## [Extracted entries]
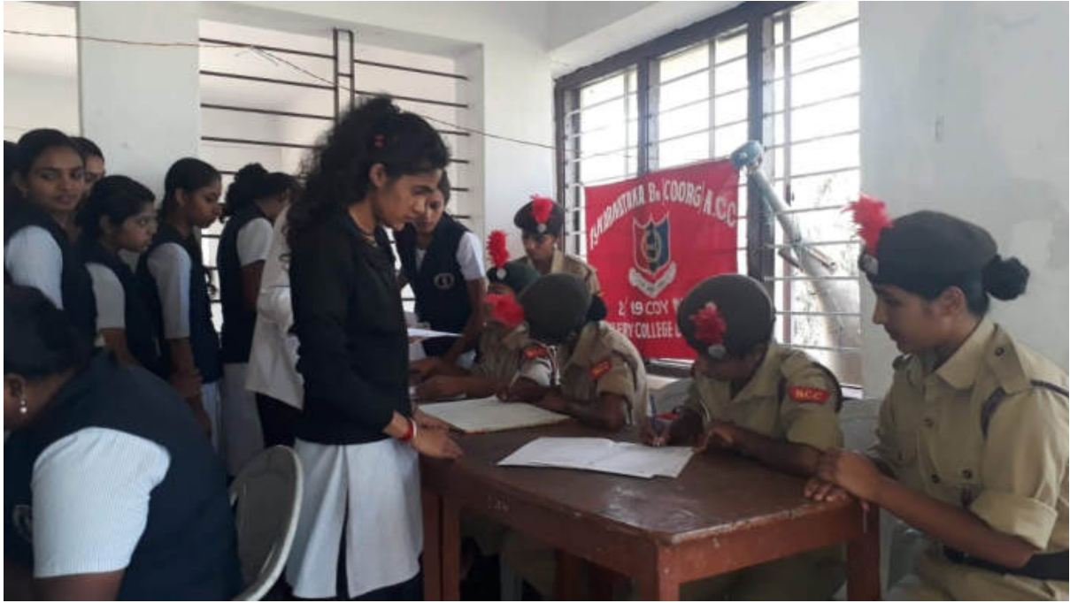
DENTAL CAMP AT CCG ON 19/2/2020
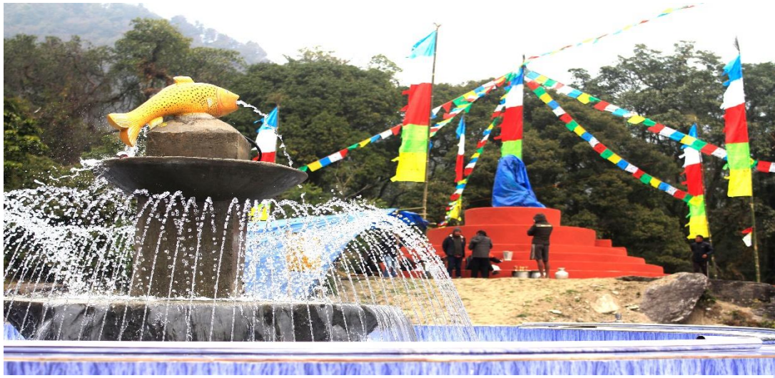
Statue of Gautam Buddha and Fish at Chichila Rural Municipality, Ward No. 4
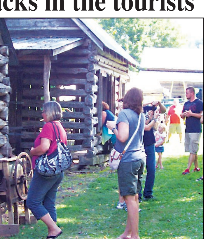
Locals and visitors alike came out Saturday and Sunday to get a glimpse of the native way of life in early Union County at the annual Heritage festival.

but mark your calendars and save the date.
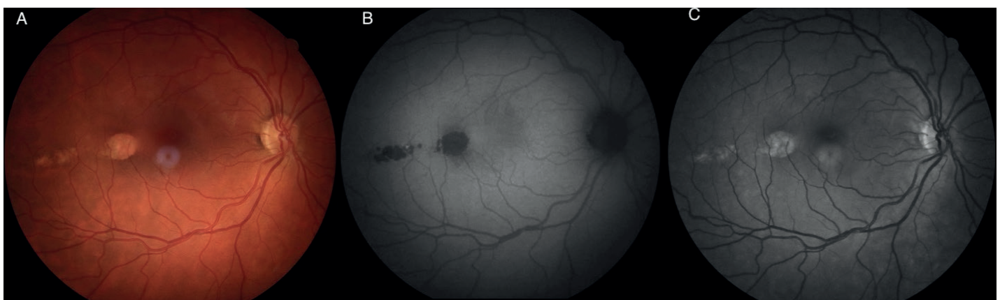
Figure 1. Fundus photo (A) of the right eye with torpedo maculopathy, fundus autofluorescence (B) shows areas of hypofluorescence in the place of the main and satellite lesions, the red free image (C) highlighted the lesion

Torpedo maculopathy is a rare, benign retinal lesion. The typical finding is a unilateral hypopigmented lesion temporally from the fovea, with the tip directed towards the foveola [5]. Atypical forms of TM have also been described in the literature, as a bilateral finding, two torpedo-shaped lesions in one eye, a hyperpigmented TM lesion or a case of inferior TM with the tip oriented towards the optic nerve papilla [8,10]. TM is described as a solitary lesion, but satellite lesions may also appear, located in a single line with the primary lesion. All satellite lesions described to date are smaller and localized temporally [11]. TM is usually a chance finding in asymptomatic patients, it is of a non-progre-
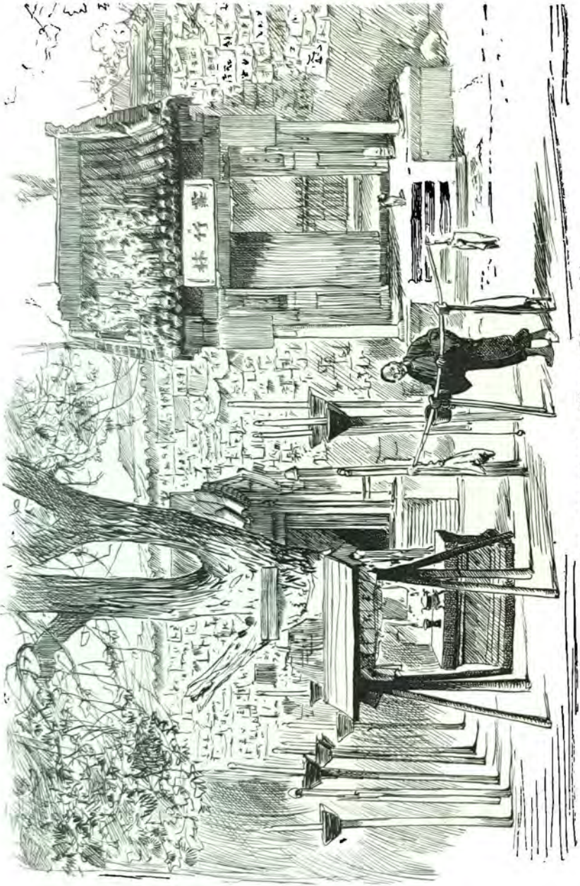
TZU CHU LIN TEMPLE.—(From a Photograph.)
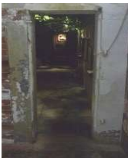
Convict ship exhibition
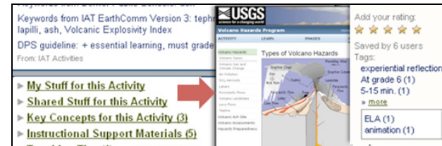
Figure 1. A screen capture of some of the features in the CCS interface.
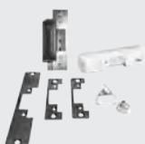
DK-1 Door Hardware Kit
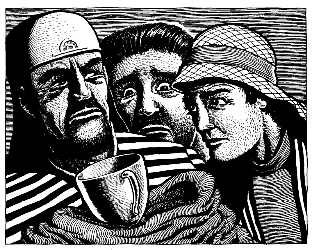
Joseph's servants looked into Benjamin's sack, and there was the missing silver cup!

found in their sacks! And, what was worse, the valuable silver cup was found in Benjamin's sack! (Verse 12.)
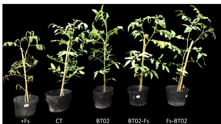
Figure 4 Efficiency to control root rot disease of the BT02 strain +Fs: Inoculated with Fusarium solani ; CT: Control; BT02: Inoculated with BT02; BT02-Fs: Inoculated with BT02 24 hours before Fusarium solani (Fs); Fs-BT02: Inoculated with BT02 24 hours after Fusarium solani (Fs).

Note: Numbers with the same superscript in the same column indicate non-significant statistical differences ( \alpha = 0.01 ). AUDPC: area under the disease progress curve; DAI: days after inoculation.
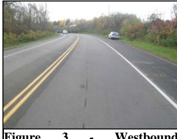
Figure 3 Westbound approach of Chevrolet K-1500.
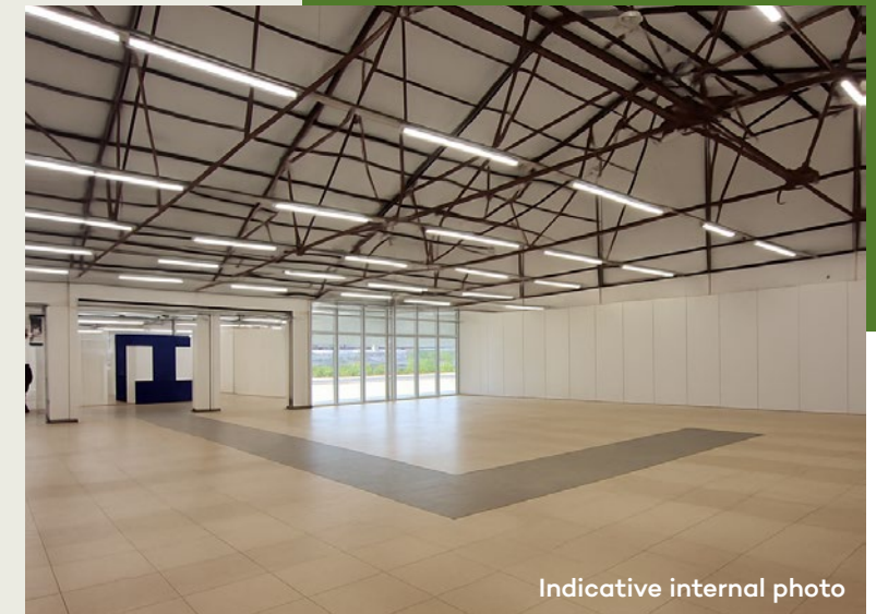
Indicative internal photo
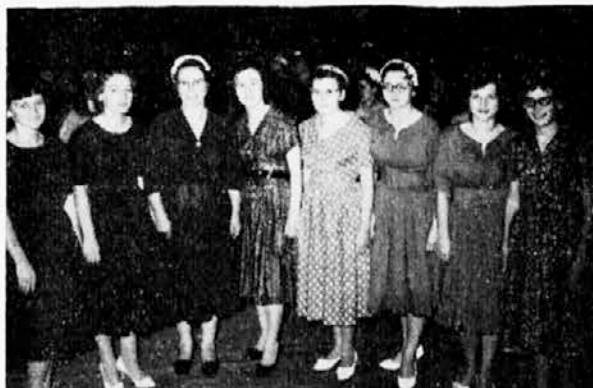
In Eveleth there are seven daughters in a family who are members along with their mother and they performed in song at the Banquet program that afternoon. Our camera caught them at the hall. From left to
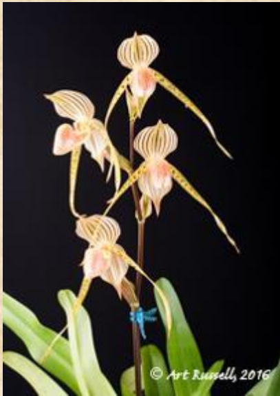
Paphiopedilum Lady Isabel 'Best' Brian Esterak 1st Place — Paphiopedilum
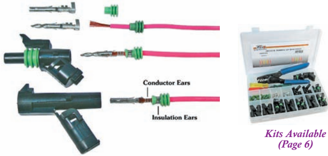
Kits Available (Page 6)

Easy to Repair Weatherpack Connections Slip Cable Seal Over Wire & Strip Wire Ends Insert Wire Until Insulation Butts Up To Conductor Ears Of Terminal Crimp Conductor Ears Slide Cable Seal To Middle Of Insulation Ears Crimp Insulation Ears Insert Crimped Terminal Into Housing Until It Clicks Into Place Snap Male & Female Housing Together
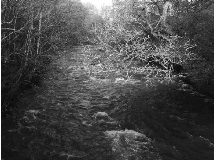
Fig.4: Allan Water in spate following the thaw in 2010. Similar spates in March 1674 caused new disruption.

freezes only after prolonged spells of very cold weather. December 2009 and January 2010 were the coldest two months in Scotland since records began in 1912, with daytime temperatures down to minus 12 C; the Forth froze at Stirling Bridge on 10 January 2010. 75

## [Exercise description]
Return only the stretch above from the line containing "Figure 1. A" through the line containing "Indicative internal photo", word for word and without pictures.

## [Answer box]
Figure 1. A screen capture of some of the features in the CCS interface.
DK-1 Door Hardware Kit
Joseph's servants looked into Benjamin's sack, and there was the missing silver cup!

found in their sacks! And, what was worse, the valuable silver cup was found in Benjamin's sack! (Verse 12.)
Figure 4 Efficiency to control root rot disease of the BT02 strain +Fs: Inoculated with Fusarium solani ; CT: Control; BT02: Inoculated with BT02; BT02-Fs: Inoculated with BT02 24 hours before Fusarium solani (Fs); Fs-BT02: Inoculated with BT02 24 hours after Fusarium solani (Fs).

Note: Numbers with the same superscript in the same column indicate non-significant statistical differences ( \alpha = 0.01 ). AUDPC: area under the disease progress curve; DAI: days after inoculation.
Figure 3 Westbound approach of Chevrolet K-1500.
Indicative internal photo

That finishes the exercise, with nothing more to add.